Card Check: Binding Arbitration Invites Trouble

By April 29, 2007Labor Unions

More excellent work comes from the Heritage Foundation’s James Sherk on the spuriously named Employee Free Choice Act. While most attention has gone toward the bill’s anti-democratic provisions, i.e., the elimination of employee secret-ballot elections during organizing campaigns, the bill’s requirement for binding arbitration also devastates free association and employee choice. In his latest white paper, “Binding Arbitration Could Force Workers into Underfunded Pension,” Sherk argues that union leaders would be motivated by the desire to bringing new employees — i.e., additional cash flow — into underfunded multiemployer pension funds.

Congress should reject the idea of forcing workers into binding arbitration because it would put millions of American’s retirement security at risk.
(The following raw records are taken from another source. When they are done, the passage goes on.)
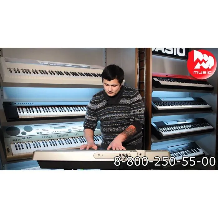 | Especificações | Especificações: Teclado: 61 teclas de tamanho natural Resposta ao Toque: 2 níveis de sensibilidade, desligado Sistema de Som: HL Polifonia Máxima: 32 Timbres: 514 timbres integrados Camada / Divisão: Camada, Divisão Efeitos Digitais: - Reverberação: 4 tipos - Coros: 4 tipos Ritmos / Padrões: 120 ritmos integrados Acompanhamento Automático: - Modos: CASIO Chord, dedilhado, acorde de intervalo completo - Controladores: Iniciar/Parar, Introd., Normal/Preenchimento, Variação/Preenchimento, Sincronismo/Fim Músicas Integradas: 100 (melodias do banco) Expansão de Músicas: Máximo de 10 músicas (até 320 KB no total) Função de Lições: - Lição em três etapas avançada (Interface da lição para TV) - Sistema de pontuação - Dedilhado em áudio (Parte da lição: mão direita, mão esquerda, ambas as mãos) Metrônomo: Compases: 0, 2, 3, 4, 5, 6 Gravador: 2 faixas x 1 música (gravação de performance), 1 música (gravação de lição), um total de aproximadamente 5.200 notas, gravação/reprodução em tempo real Outras Funções: - Conexão de TV - Karaokê na TV: Exibição das letras das músicas na TV (melodias integradas |
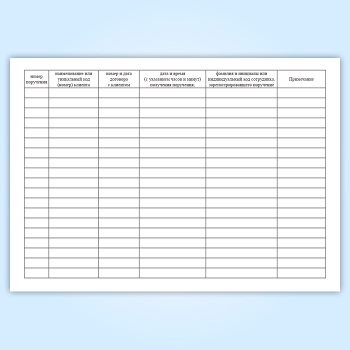 Журнал регистрации поручений клиентов имеет графы (столбцы):
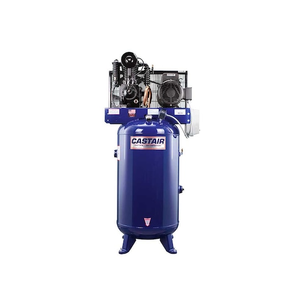 The CASTAIR 7.5HP industrial series vertical air compressor features truly impressive build quality that's a cut above the competition. This compressor uses a two stage cast iron pump, running with oil lubrication at a low 895 RPM to make the machine quieter, with longer life than oil-less compressors. The pump features steel connecting rods, with automotive type rod insert bears at the crankshaft, with bearings at the wrist pin for long-term reliability. For ease of maintenance and reliability, the pump also has disc and spring valves, as well as a centrifugal unloader for loadless startup. This compressor also has ASME-compliant safety valves installed, and a four-leg, 80 gallon tank ASME-compliant tank. The motor is made by Baldor, running at 1725 RPM, with a full 15% service factor.
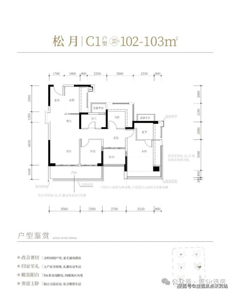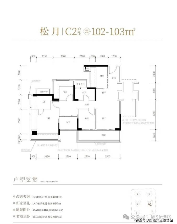 102-103㎡的4房2厅2卫,C1-C2户型,设计的是经典竖厅格局,进门入户玄关,客厅3.5米开间,LDKB一体化,S墙设计预留冰箱卡槽位,动静分区,四开间朝南,4个卧室分别做到了主卧17.98㎡/次卧8.37㎡/次卧8.1m²/次卧7.75㎡(包含墙体飘窗),L型厨房,公卫干湿分离带1个约2m²的设备平台,得房率约81%(不含赠送),客厅连接次卧出9.6m²的观景大阳台,东南或西南朝向。套内面积83.43m²+赠送面积23.86m²=实际使用面积107.29m²,加上赠送后得房率约104.16%。
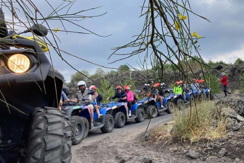 A la hora indicada nos encontraremos junto al Bar Esagonal para comenzar este emocionante tour en quad por el Etna. Allí, recibiréis unas breves indicaciones de seguridad y os equiparemos con lo necesario para conducir estos vehículos todoterreno. ¡Allá vamos!
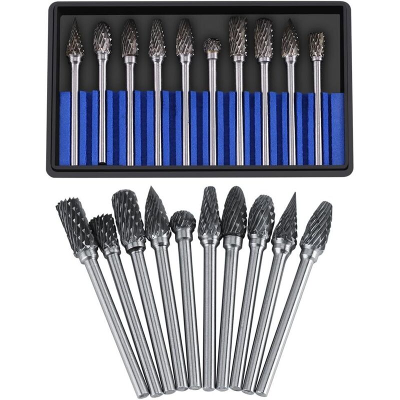 Jeu de Fraises en carbure fichiers rotatifs Acier au tungstène 10pcs diamètre tête Coupe pour Fraise 3mm Tige 6mm la perceuse à découper découpage
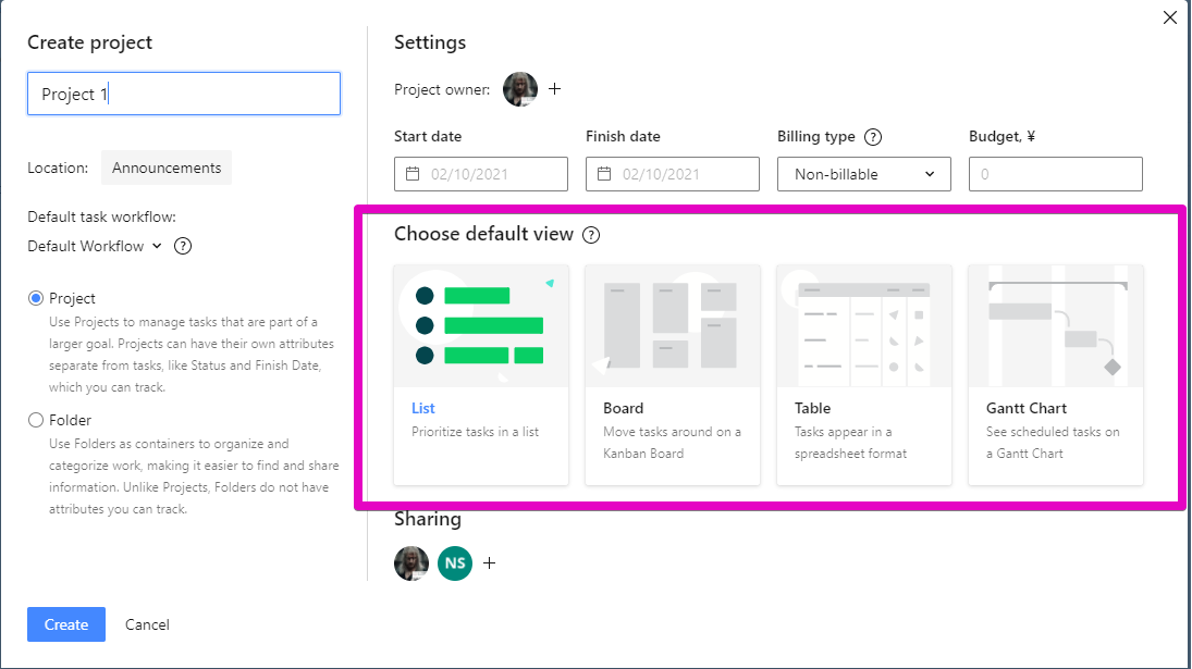 During the Project/Folder creation users can set the default view that may be different from the default view set for Space:
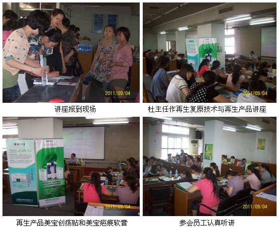 2011年9月4日應(yīng)連云港市康濟(jì)大藥房連鎖公司的邀請中國中西醫(yī)結(jié)合學(xué)會燒傷專業(yè)委員會委員、北京美寶燒傷創(chuàng)瘍研究所臨床部杜福勤主任與學(xué)會駐江蘇辦事處劉恒主任、周銀梅同志在該公司大會議室作再生復(fù)原技術(shù)及再生產(chǎn)品講座,講座由公司管理部莊華主任主持,參會的有全市連鎖藥房,70余名員工參與了講座學(xué)習(xí)。
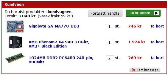 Det jag behöver hjälp med är vad jag ska köpa istället för dessa delar. Hade tänkt mig ca 3000 kr totalt och AM3, men är öppen för förslag
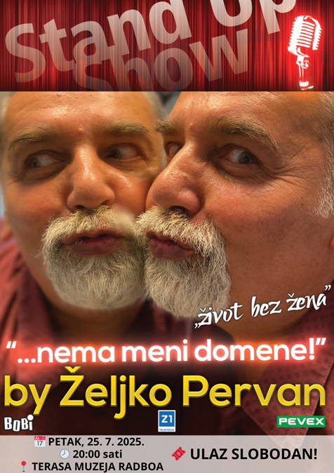 U petak, 25. srpnja u 20:00 sati, na terasi Muzeja Radboa vas očekuje večer vrhunskog humora uz legendarnog Željka Pervana! Pripremite se za dozu smijeha i britke satire u jedinstvenom ambijentu pod zvijezdama.

Unaccountable government arbitrators could force newly organized workers into severely underfunded multiemployer pension plans. Employers’ retirement contributions would shore up union finances, rather than provide for their workers’ retirements. It is understandable that unions support binding arbitration, but Congress should not give into their demands.
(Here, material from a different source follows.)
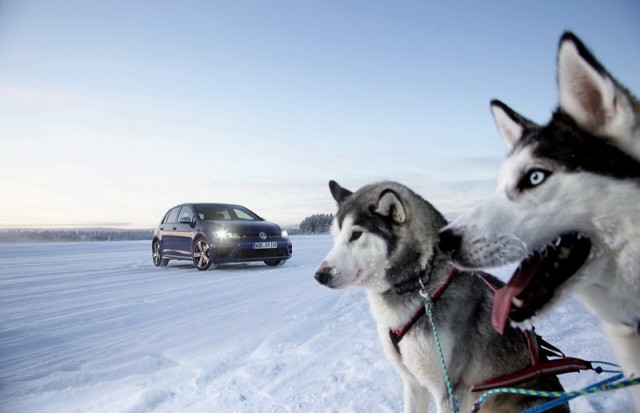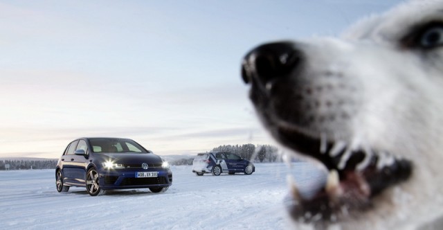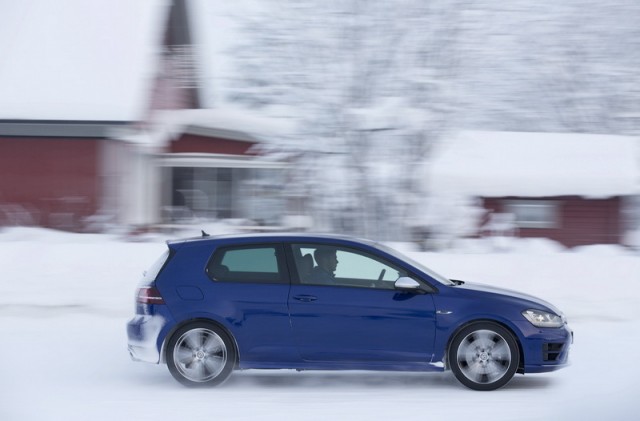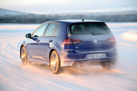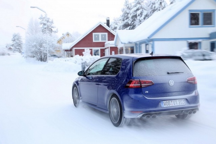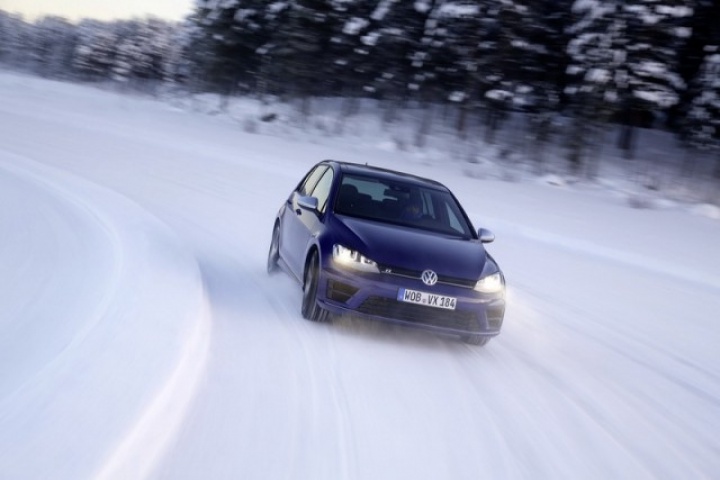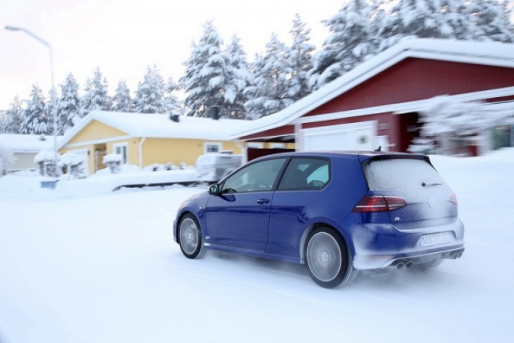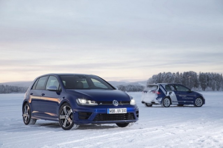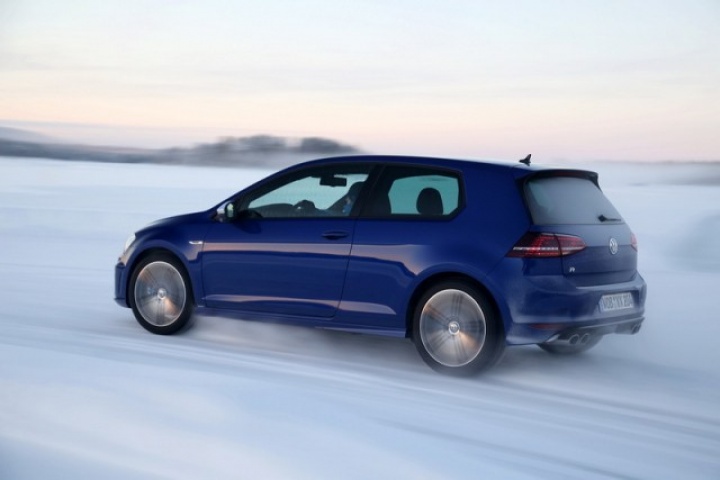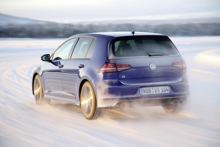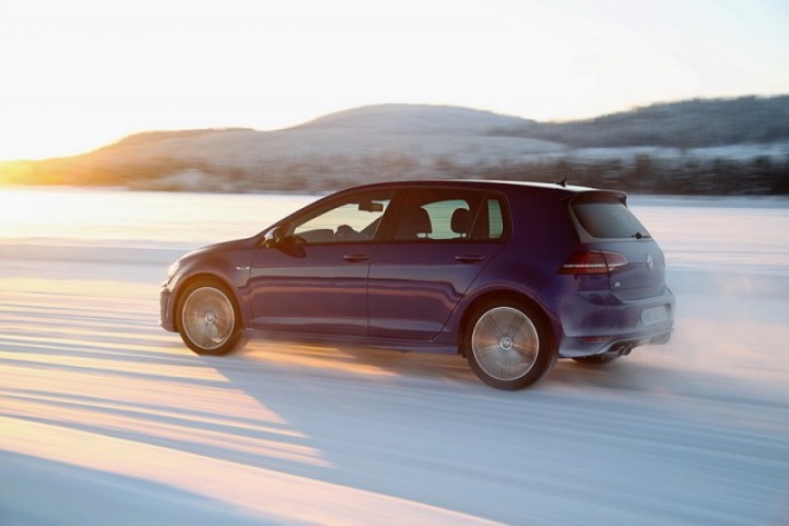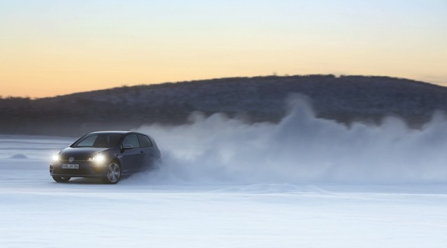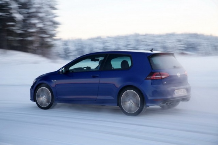 Choose that DSG option and the 0-100km/h time drops from 5.3- to 4.9 seconds, while there are gains too in terms of economy and emissions. Overall the Golf R is 18 per cent more efficient than its predecessor, thanks in part to a weight drop of 46kg, though the four-wheel drive system does see it weigh in at 94kg more than a Performance Pack equipped Golf GTI. The manual Golf R emits 165g/km and returns 39.8mpg on the official combined cycle. Messing around on an ice-covered lake saw figures nowhere near that...
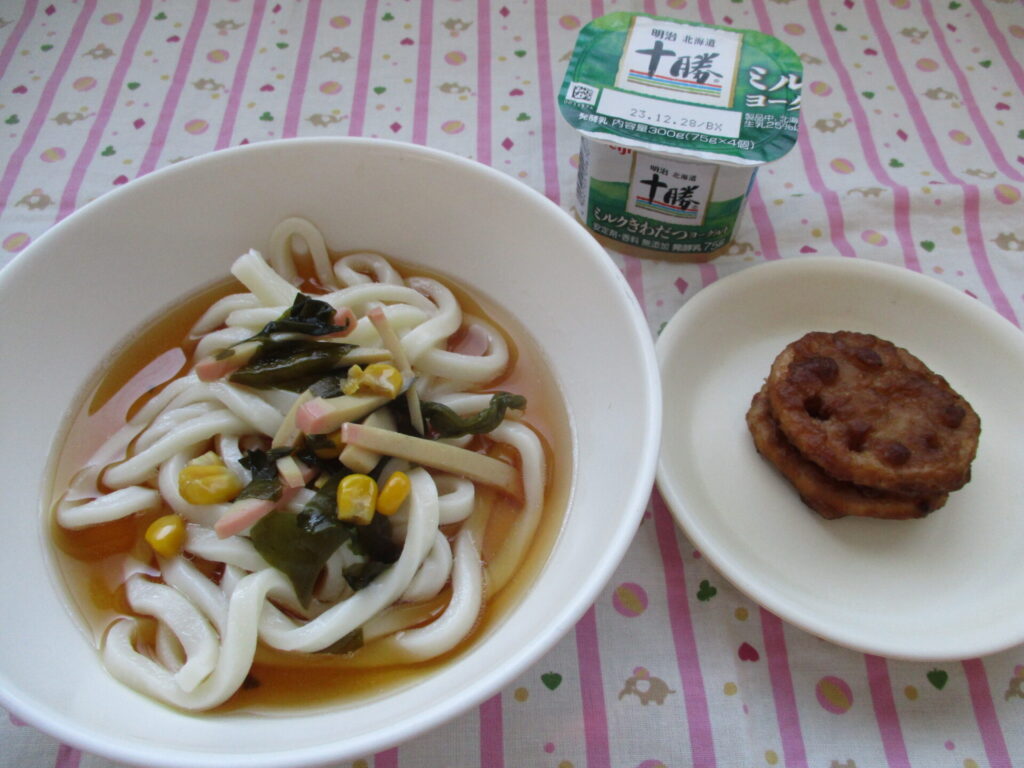今日の献立>かけうどん・れんこんの挟み揚げ・ヨーグルト

As New York attorney Seth Borden notes, the Employee Free Choice Act would seem to be a good topic to explore with Democratic presidential candidates, who have all endorsed the legislation, but the issue did not arise during last week’s debate.

Indeed, advocates actively avoid addressing the bill’s antidemocratic substance. Take a look at the argument in this L.A. Times op-ed by Nelson Lichtenstein, director of the Center for the Study of Work, Labor and Democracy at UC Santa Barbara.

(If) a Democrat is elected the next president and signs the bill, the first progressive reform of U.S. labor law in decades may give trade unionists a real shot at organizing millions of workers now consigned to union-free purgatory. The act would greatly diminish opportunities for managerial intimidation during organizing campaigns by allowing workers to join a union simply by signing a card. And the act would impose stiff financial penalties on anti-union employers who break the law. This “card check,” as it is known, may be a viable alternative to the employer-dominated elections currently conducted by the National Labor Relations Board.

But Lichtenstein doesn’t say what the bill does away with, does he? No mention of the loss of secret-ballot elections, insulated from direct coercion. And why is that?

According to a new poll reported by the Coalition for a Democratic Workplace, nine out of 10 union employees want to protect the private ballot election and 80 percent of union households oppose this legislation.

That’s from Alvin M. Bargas, president of the Pelican Chapter, Associated Builders and Contractors Inc., in Louisiana.

Good rule of thumb: Legislation warrants suspicion when its supporters don’t want to talk about it in honest, open terms.